The minister said that the government would partner with private individuals, business and non-governmental organisations to ensure their preservation.
Mohammed explained that vultures were part of the ecosystem and the biodiversity of the nation.
The Chairman of the occasion, Dr Newton Jibunoh, said that Nigeria should strive to preserve wetlands and forests.
Jibunoh said that if the forests and wetlands continued to diminish as it was today, there would be no place for vultures to exist, as they needed trees and shrubs to perch.
He stressed the need for legislations to prevent people from poaching on endangered species, which, he said, the vultures had become.
The Director-General of NCF, Mr Adeniyi Karunwi, said that the foundation had for some years now recognised the decline in the vulture population.
He said that the lecture afforded the foundation another opportunity to create awareness on vultures and their relevance in the ecosystem.

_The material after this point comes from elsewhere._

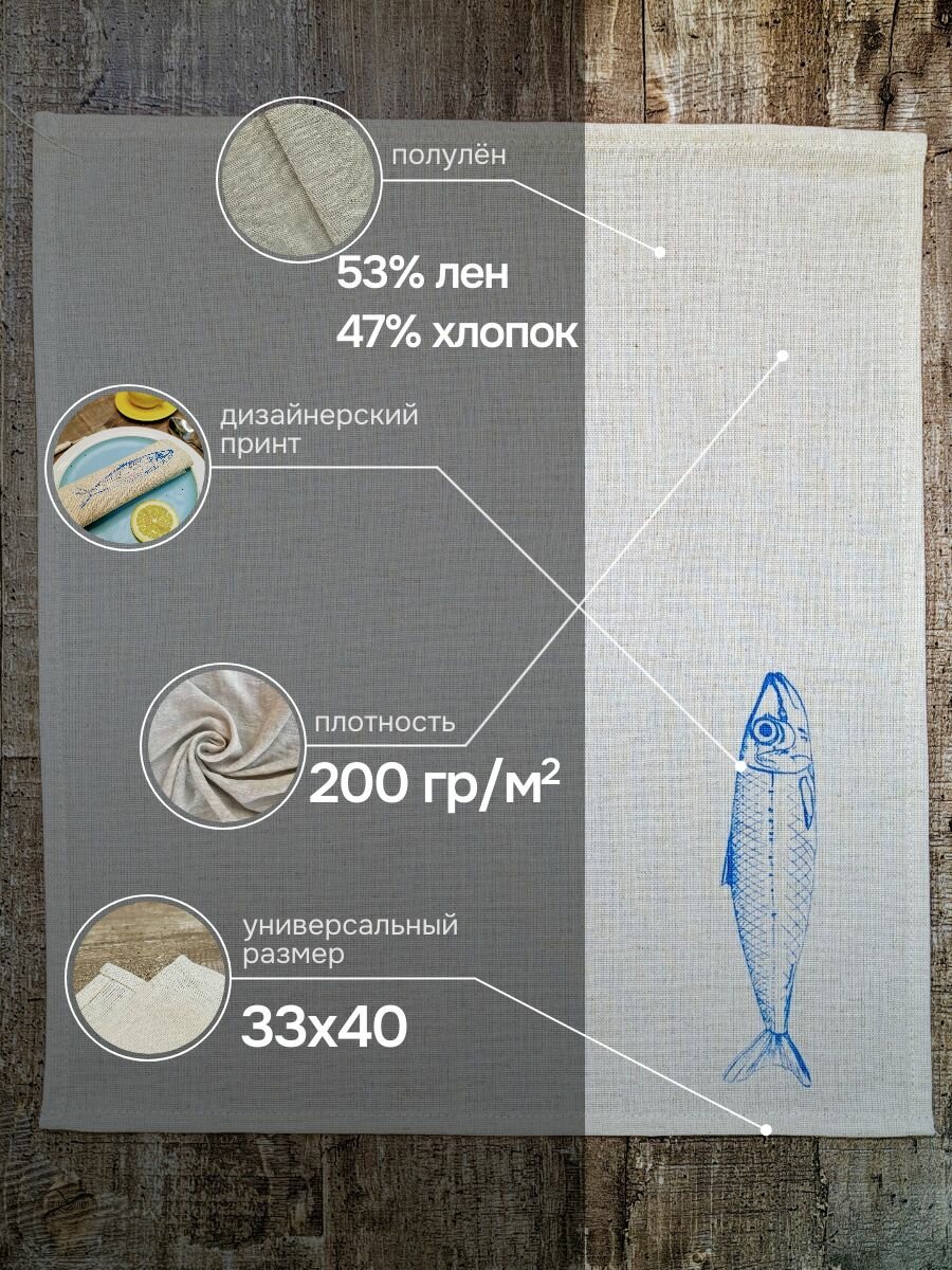 Создание уютной атмосферы за обеденным столом начинается с выбора правильных аксессуаров. Набор из 4 сервировочных салфеток из натурального льна (53% лён и 47% хлопок) с эксклюзивным рисунком в виде однотонной синей рыбы сардины — это идеальное сочетание практичности, красоты и стиля. Такие льняные салфетки станут настоящим украшением вашего интерьера и добавят особый шарм каждому приему пищи.

Karunmi said that the lecture was the NCF’s advocacy across different aspects to bring a stop to the declining population of vultures and focus attention on their conservation.
Chief Ede Dafinone, the NCF Council Chairman, said that the memorial lecture was a platform to raise salient issues on the environment.
He said that dangers posed by the declining vulture population were enormous, adding that there should be a national action plan to reverse the trend.